Cassandra
It’s been six months since he left.
Six months since my heart shattered.
Two months since the last letter.
I count the time like scars on a wall.
Every morning I wake to silence.
Every night I fall asleep with nothing but his ghost in my bed.
And in between—I read this.
Over and over until the paper is soft as cloth, until the ink has bled from my tears.
I unfold it now, hands trembling like the first time I saw his handwriting after he left. The words are jagged, rushed, stained in the corner with something I pretend isn’t blood.
Butterfly,
I don’t know if this one will make it to you. They lose things out here. Sometimes on purpose, sometimes because the world is cruel. If it doesn’t, I guess I’m talking toghosts. If it does, then you’re holding a piece of me in your hands right now, and maybe that’s enough to get me through the next day.
I dream about you every time I close my eyes. Doesn’t matter where I am, doesn’t matter what’s happening outside, you’re always there. Sometimes it’s the chapel. Sometimes it’s the bridge. Sometimes it’s just you, syrup on your lips and laughter in your throat, looking at me like I’m something worth keeping alive.
You should know something. War has teeth, Butterfly. It chews and chews, and most men don’t come back whole. Maybe I won’t either. Maybe I already didn’t. But even broken—I’m still yours. I always was.
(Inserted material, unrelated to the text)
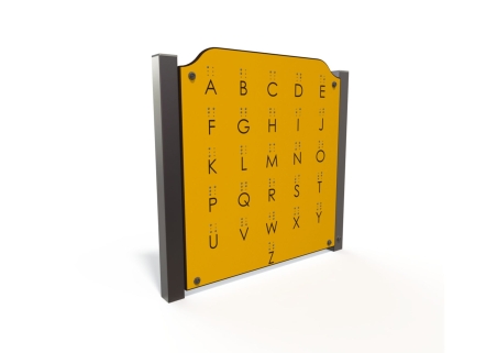 This inclusive play panel uses braille to distinguish the alphabet for sensory play.

I keep the necklace around my neck like a chain. It burns sometimes. Reminds me that if I don’t crawl back, I die knowing I was loved by you, even if I never deserved it.
I don’t know when I’ll get to send another letter. Don’t wait by the door for me. Live. Breathe. Laugh. But if you ever feel like the world is empty, look up at the night sky and find me there. I’ll be the shadow that refuses to leave you alone.
I love you. More than war. More than life. More than the man I used to be.
—Dax
The paper shakes in my hands. My breath stutters.
I’ve read it a hundred times and it still rips me open like the first.
Six months gone.
Two months since those words and the only thing keeping me upright is the way his last three still echo like gunfire in my head.
I love you.
Six months.
Six months since he left.
Two months since his words last touched me and tonight, they taste like ash in my mouth.
I read his letter again until the ink blurs, until his voice turns to static in my head—I’ll come back. Always. Even if I have to crawl.
My fingers shake so hard I tear the edge of the paper. I can’t breathe without pressing it to my chest like maybe his heart’s still in there, maybe if I hold it hard enough it will beat but silence answers.
It always fucking answers.
I don’t realise I’m crying until the paper stains darker, until my throat burns raw from whispering his name over and over like prayer, like curse.